Proposition

Let $X$ be a topological space. The diagonal of $X \times X$ is the subset $\delta = \{ (x, x) \mid x \in X \} \subset X \times X$. Show that $X$ is Hausdorff if and only if $\delta$ is closed in $X \times X$.

Solution

Suppose $X$ is Hausdorff. Let $(a, b) \in \delta^c$. Then $a \ne b$, so there exist disjoint neighborhoods $U_a, U_b$ of $a, b$, respectively.
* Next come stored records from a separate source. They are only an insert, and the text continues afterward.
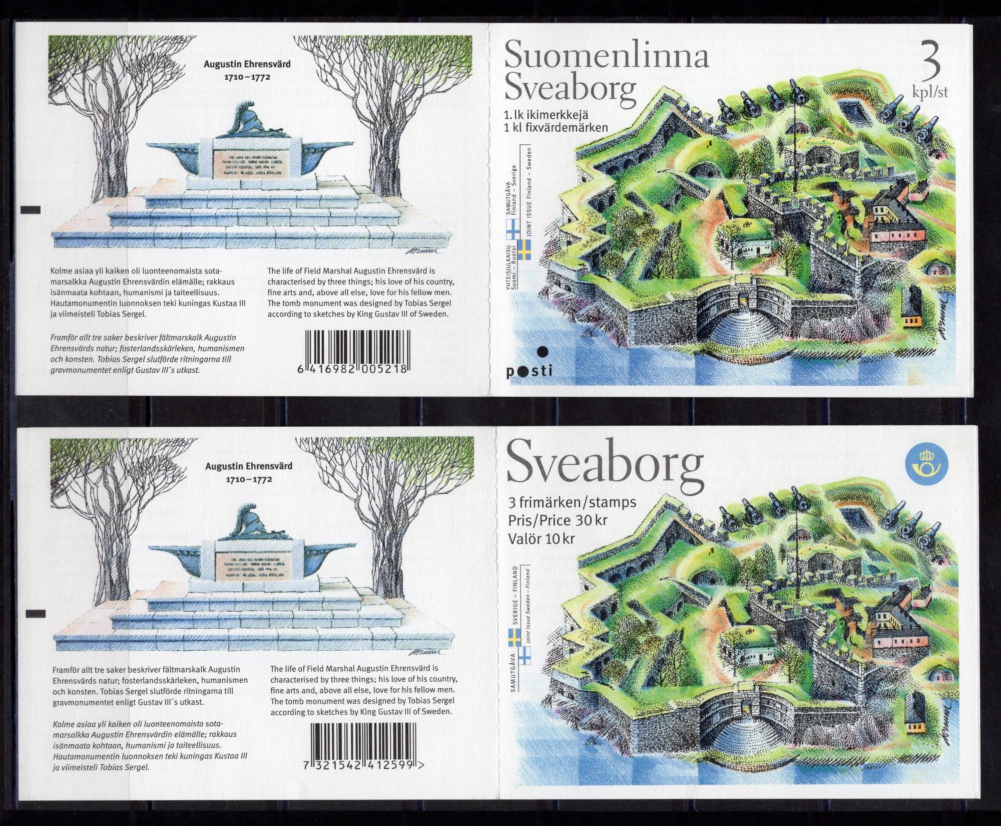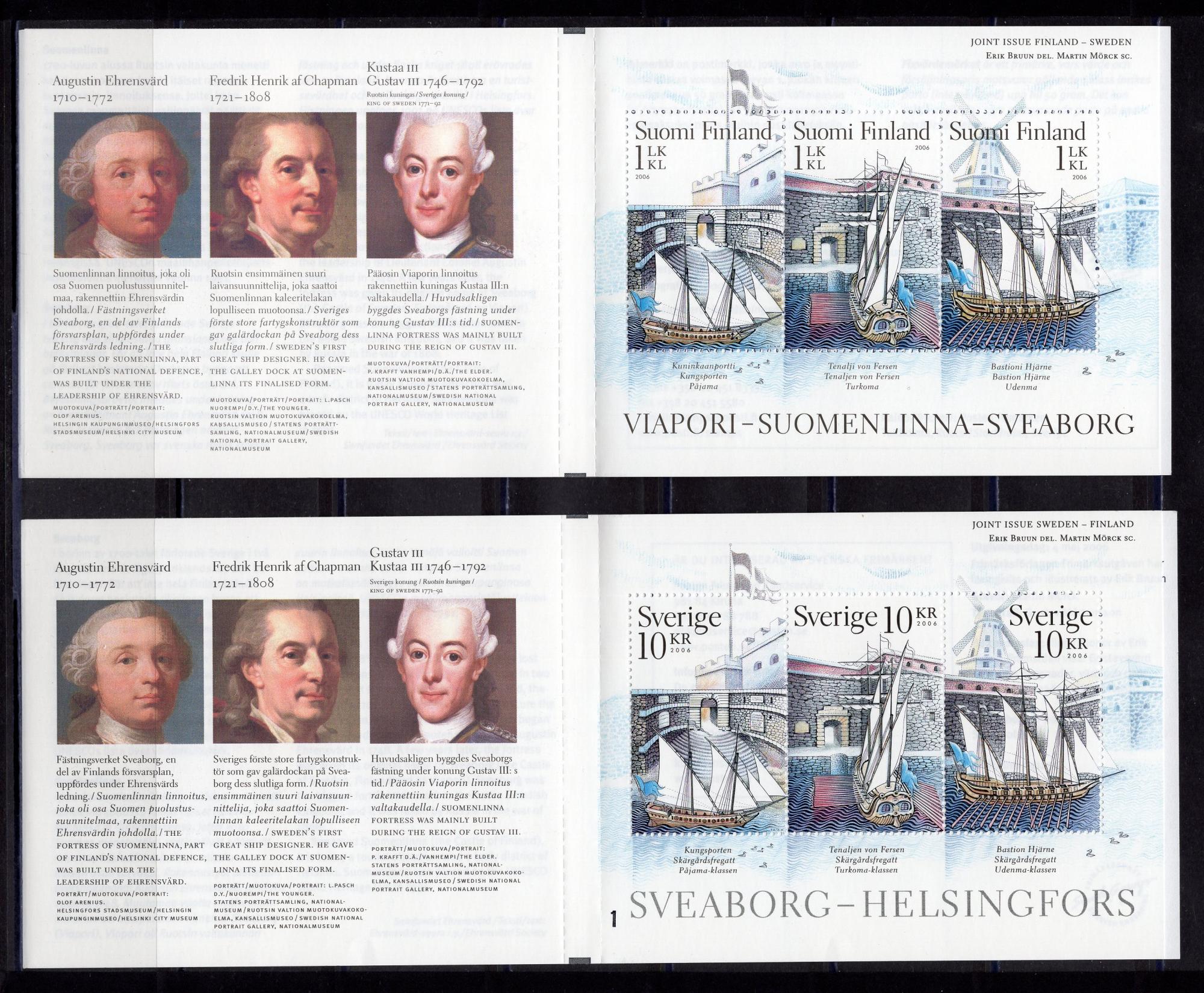 Почтовые марки. Финляндия-Швеция. 2006г. Крепость Свеаборг. Парусники. Совместный выпуск. №1798-1800, №2528-2530. Буклеты.
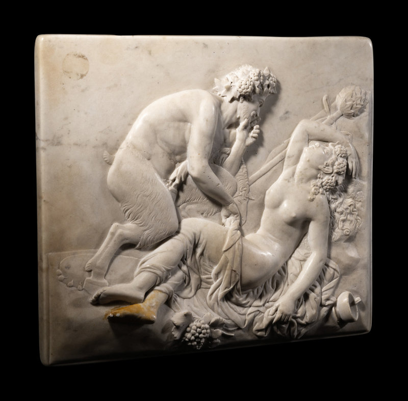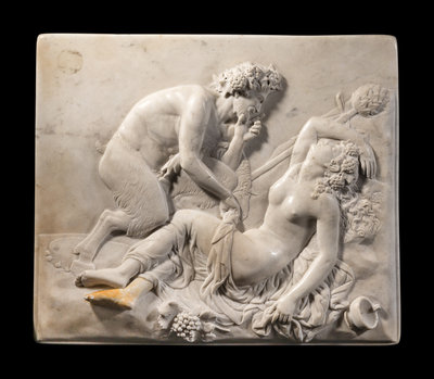 A Continental Carved Marble Relief Depicting a Satyr and a Bacchante
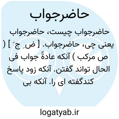 ( صفت ) ۱ - آنکه مهیای جواب گفتن است آماده و مهیای پاسخ گفتن آنکه عادتا جواب فی الحال تواند گفتن آنکه زود پاسخ کند گفته را: (( ساقیان نادره گویند. شیرین ادا مطربان چابک طمغاجی حاضر جواب. ) ) ( مختاری غزنوی ) ۲ - شوخ گستاخ.
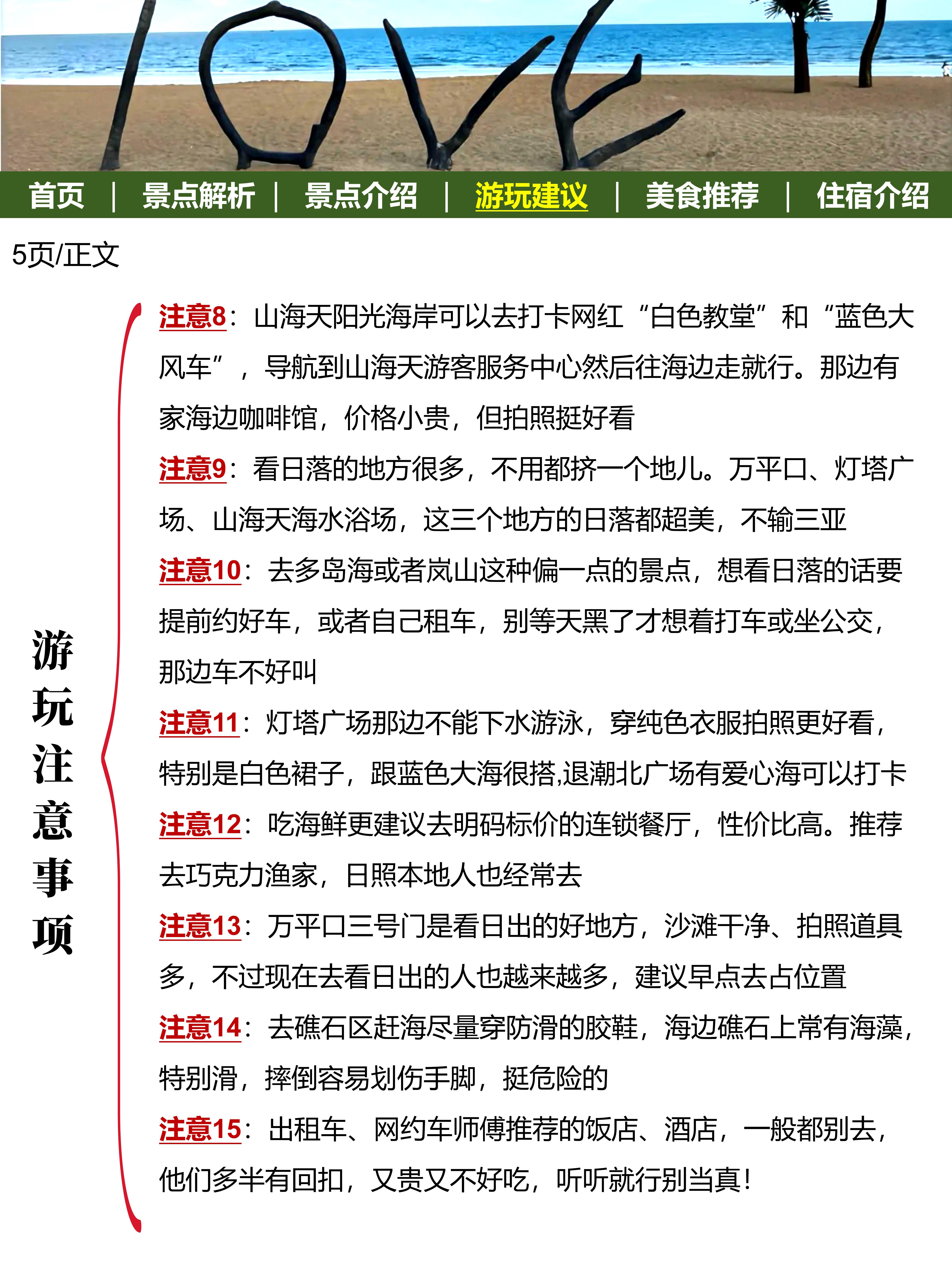 注意1:日照玩不用报团,景点基本都沿着海岸线排开,自己骑个电动车或者打车顺着海边走就行,特别方便
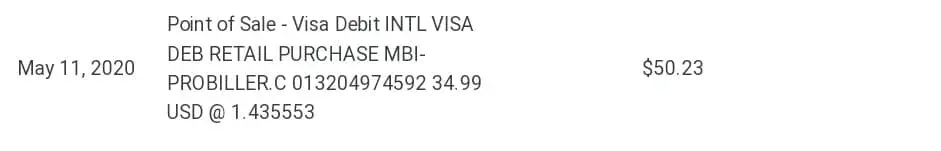 transaction happened on the 14th of May 2020 . Reference number for the transaction is 24034810135000001680560. Title of the charge is 01001295224034810135000001680560 . Location of said charge is from MBI*PROBILLER.COM [protected] USA
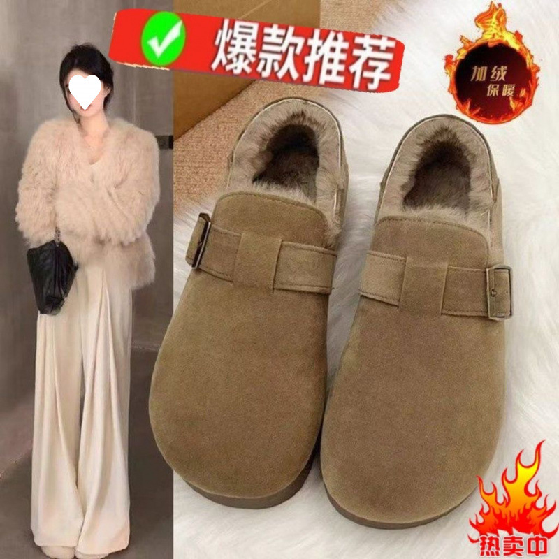 Winter velvet sports, autumn and winter one foot snow boots to keep warm, hairy ballet flat shoes for women
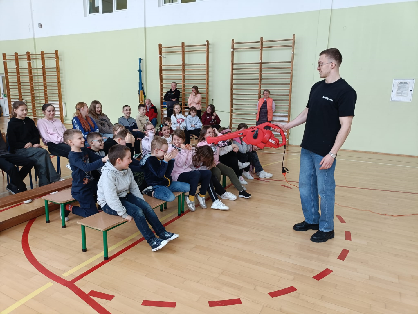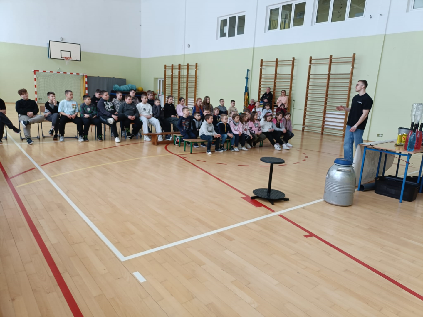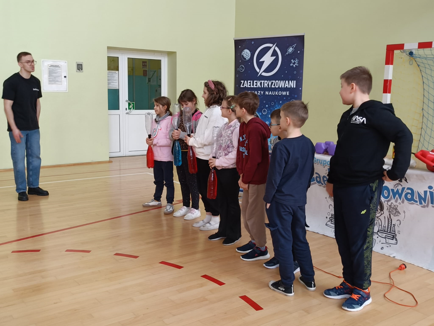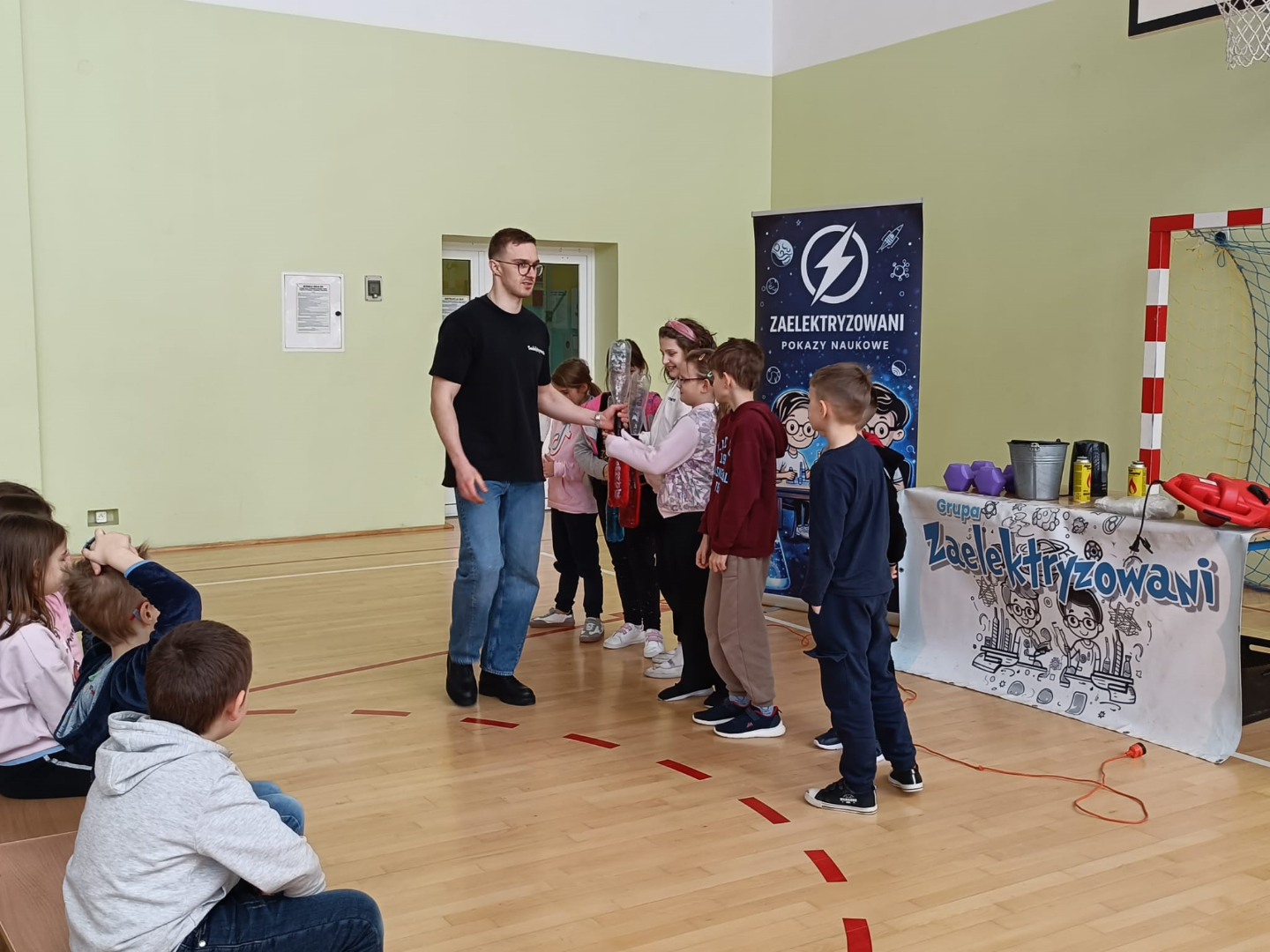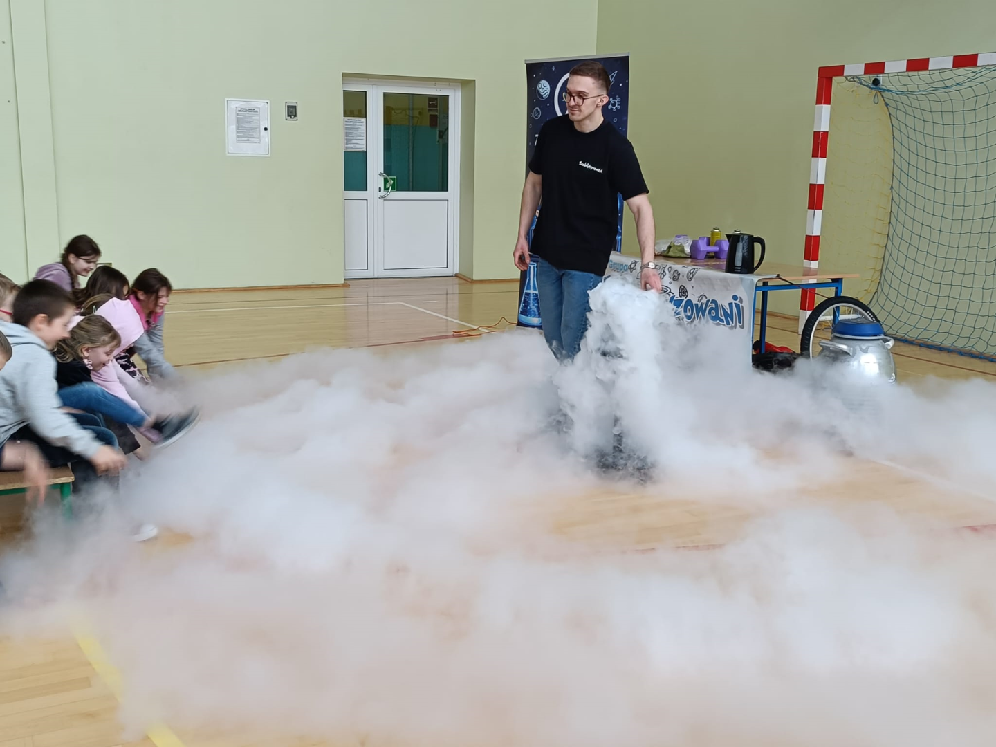 Animator w świetny sposób łączył wiedzę naukową z elementami humoru, tworząc przyjazną atmosferę i zachęcając dzieci do nauki poprzez zabawę. Spotkanie było nie tylko źródłem nowych informacji z zakresu chemii i fizyki, ale również okazją do świetnej zabawy. Uczniowie z radością i dużym zaangażowaniem uczestniczyli w pokazie, spędzając czas w sposób pożyteczny i niezwykle inspirujący.
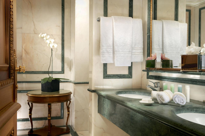 Номера имеют элегантные интерьеры в имперском стиле XIX века, выдержанные в теплых тонах, с отделкой из дерева, лепниной на потолках, изящной мебелью, красивыми драпировками и изысканными украшениями. Ванные комнаты отделаны мрамором, в некоторых номерах есть собственная турецкая баня.
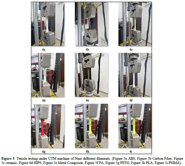 One specimen was made for each type of test, a total of 9 parts were printed for measuring tensile strength. For statistical evaluation, software office 365 excel was used. Figure 5 shows the images of nine specimen (Figure 5a ABS, Figure 5b Carbon Fiber, Figure 5c ceramic, Figure 5d HIPS, Figure 5e Metal Composite, Figure 5f PA, Figure 5g PETG, Figure 5h PLA, Figure 5i PMMA), respectively, which are clamped with holder on both ends of specimen. The specimen was then locked using allen bolt on a specimen holder. Initially at rest position the setup was taken to zero to avoid any error while calculating the values. The data was saved to the excel file. The breaking point of all the samples was different depending on the properties the filament. In each case the nine samples of filament material were subjected to the tensile tests. The tensile test results achieved for different filament material are shown in Table 3.
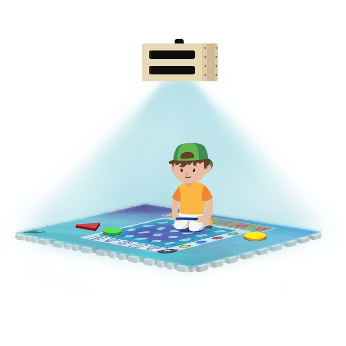 Во время игры ребёнок взаимодействует не только с дополненной реальностью, но и с реальными физическими предметами - геометрические фигуры (круг, квадрат, треугольник; 2 размеров).

Then we claim $U_a \times U_b \cap \delta = \emptyset$. Suppose otherwise. Let $(c, d) \in U_a \times U_b \cap \delta$. Then $(c, d) \in \delta$, so $c = d$. This implies that $c = d \in U_a \cap U_b$, which is a contradiction. Thus the intersection must be empty.

Therefore, $a \times b \in U_a \times U_b \subset \delta^c$. Since $U_a \times U_b$ is a basis element for the product topology $X \times X$, $\delta^c$ is open. Therefore, $\delta$ is closed.

Suppose, on the contrary, that $\delta$ is closed. Let $(a, b) \in \delta^c$. Since $\delta^c$ is open, there must exist a basis element $U_a \times U_B$ for the product topology $X \times X$ such that $(a, b) \in U_a \times U_b \subset \delta^c$.

Since $U_a \times U_b \subset \delta^c$, $U_a \cap U_b = \emptyset$. Thus $U_a, U_b$ are disjoint neighborhoods of $a, b$, respectively.

Therefore, $X$ is Hausdorff.